Ecosyste.ms: Awesome

An open API service indexing awesome lists of open source software.

Awesome Lists | Featured Topics | Projects

https://github.com/atl/thrifty-p2p

A very simple python peer-to-peer implementation using consistent hashing (and an example distributed key-value store layered atop it) using the Thrift protocol and its basic RPC capabilities.
https://github.com/atl/thrifty-p2p

Last synced: about 1 month ago
JSON representation

A very simple python peer-to-peer implementation using consistent hashing (and an example distributed key-value store layered atop it) using the Thrift protocol and its basic RPC capabilities.

Awesome Lists containing this project

README

        

# thrifty-p2p #

A very simple peer-to-peer implementation using consistent hashing, the
[Thrift][] protocol and its basic RPC capabilities. It is not expected to be
generically usable by arbitrary projects: thrifty-p2p implements a flat
network, which is justifiable for the author's purposes (distributing
processing amongst dozens of data-rich nodes), but will encounter trouble
scaling.

[Thrift]: http://incubator.apache.org/thrift/

## Basic usage ##

python location.py [-h peer_node] [-p port_num] [--help]

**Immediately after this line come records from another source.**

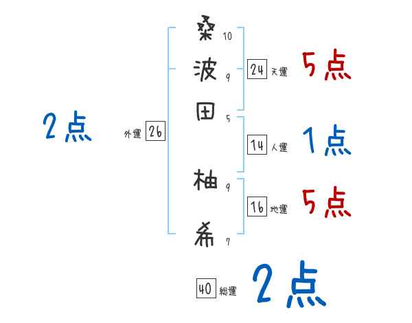 天運![]() | 桑波田柚希さんの天運は24画の5つ星!家庭運が良く順調な人生。金運にも恵まれる。 家系が持つ宿命的な運勢を表します。祖先から受け継いだ苗字ですので自分の力が及びません。家柄を象徴します。 |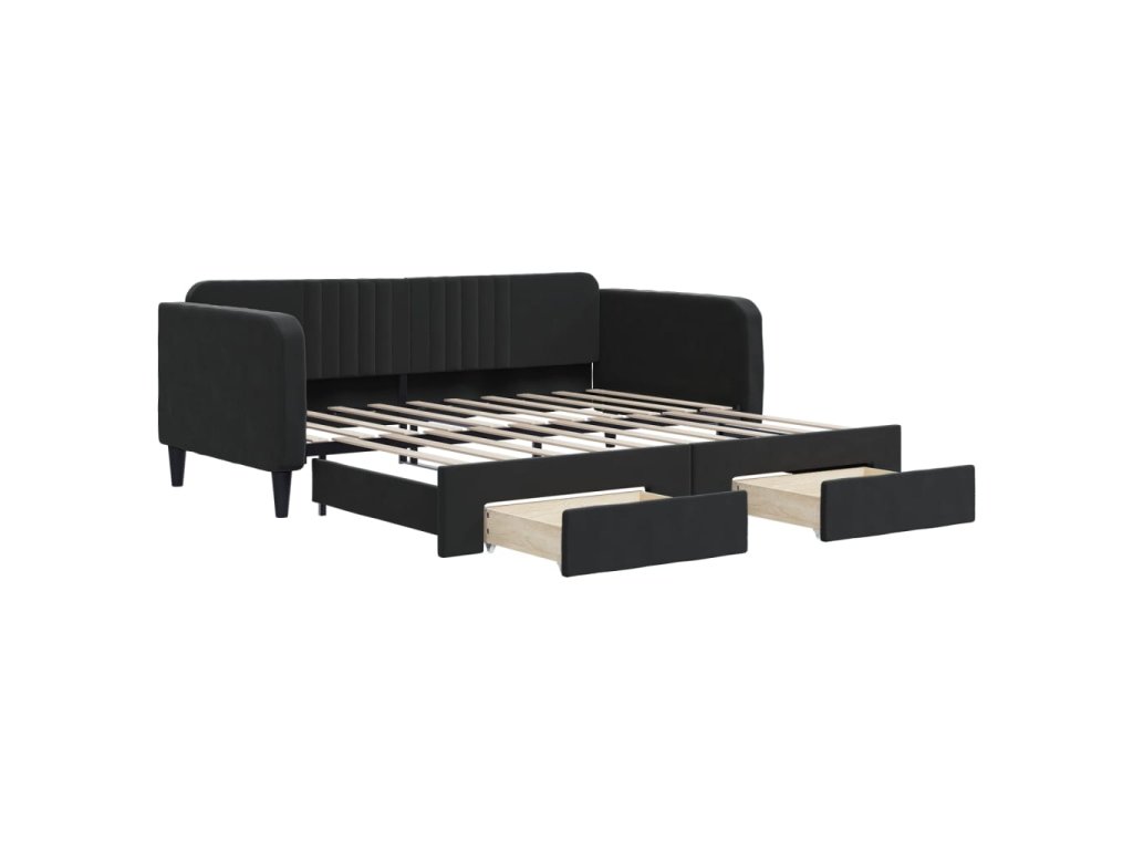 Válenda s přistýlkou a zásuvkami černá 90 x 190 cm samet 3197126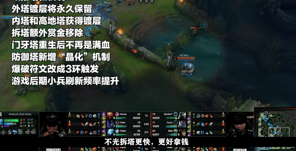 在新机制下,内塔和高地塔也会获得镀层,而且拆塔获得的额外金钱将被移除,同时门牙塔在重新后不再满血,仅保留部分血量,但设计师并没透露具体数值。另外,防御塔新增“晶化”机制,当没受到伤害时会累积晶化层数,一旦受到攻击将转化为额外伤害。值得一提的是,S16赛季开始,后期小兵刷新会越来越快,更利于单带运营的策略,说不定剑圣偷塔会重现。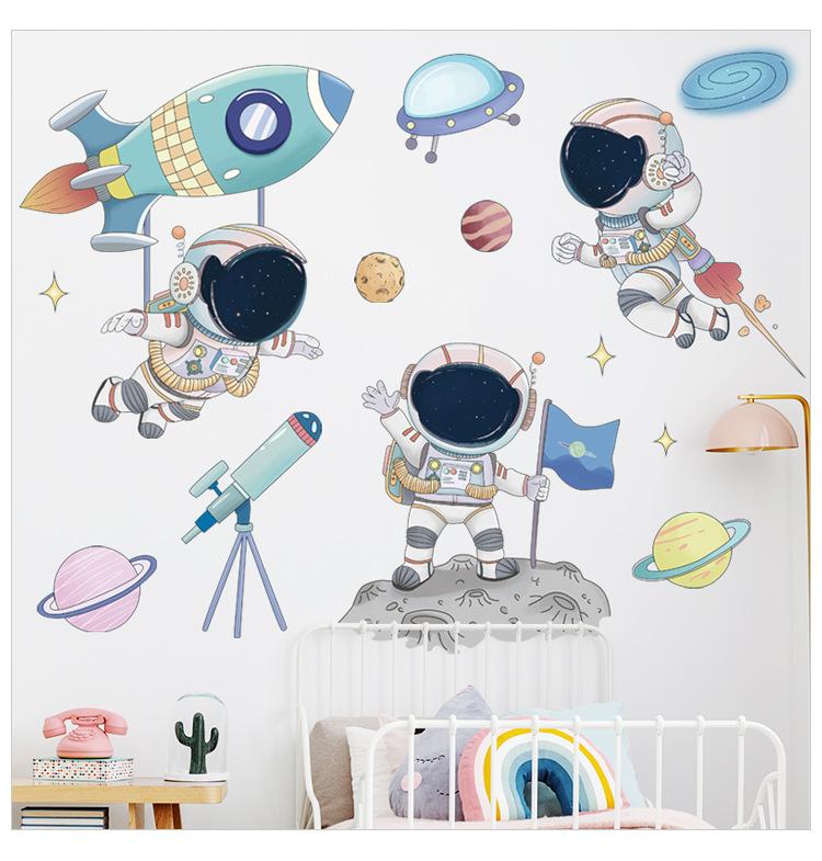 Pegatinas de pared de Amazon espacio pegatinas de piloto aeroespacial dibujos animados pegatinas para habitación infantil decoración de aula de jardín de infancia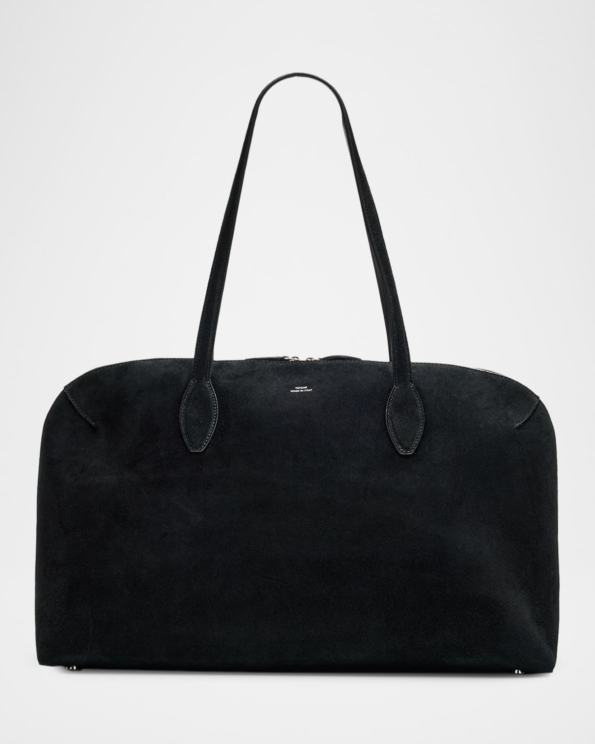 - Toteme suede day tote bag is designed for versatile use–perfect for everyday wear - Flat shoulder straps, 9.5" drop - Two-way zip top closure - Interior, two slip pockets - Microsuede lining - Feet protect the bottom of the bag - Approx. 11.2"H x 18"W x 9.5"D - Made in Italy

Initiates and/or joins a simple peer-to-peer network. Default port\_num
is 9900. Absent a peer\_node (which is the peer initially contacted for
joining the network), the command initiates a network.

Example usage, in different terminal windows:

python location.py

python location.py --host localhost:9900 --port 9901

python location.py -h localhost:9901 -p 9902

... etc. ...

## Dependencies & Requirements ##

The basic server uses consistent hashing via [hash_ring.py][], developed by
[Amir Salihefendic][]. For better and for worse, I modified the code to
allow for easier node set manipulations (as if it were a list) and
different node resolution behavior so that the internal keys are more
directly related to md5 hashes.

The library requires the [Apache Thrift][] [Python libraries][] to be
installed, but -- because the thrift compiler has been run already -- does
not currently require the Thrift compiler or any other language libraries.

[hash_ring.py]: http://pypi.python.org/pypi/hash_ring/
[Amir Salihefendic]: http://amix.dk/blog/viewEntry/19367
[Apache Thrift]: http://incubator.apache.org/thrift/
[python libraries]: http://pypi.python.org/pypi/thrift/1.0

## Design priorities ##

I'm using [Thrift][] as much for its simple RPC underpinnings as the message
format. I wanted to consistently distribute some processing and bother
as little as possible with node lookup. This is the simplest thing that
I came up with that sort-of works: a flat peer-to-peer network with each
node keeping up with the state of all the nodes as well as it can. This
necessarily limits the ring's ability to scale beyond dozens of nodes.

# diststore #

Diststore is an example of an application that can be layered atop the
thrifty-p2p location service. It's a toy version of a distributed key-value
store of the sort that all the cool kids are doing these days. The underlying
peer-to-peer implementation makes no attempt to optimize for large scales, so
don't get too excited about deploying this in production. Rather, it's
provided for instruction and testing.

Although diststore.thrift uses locator.thrift for a lot of its interfaces,
the implementation overloads some of the base methods as an illustration
of how this simple library might be used in other projects.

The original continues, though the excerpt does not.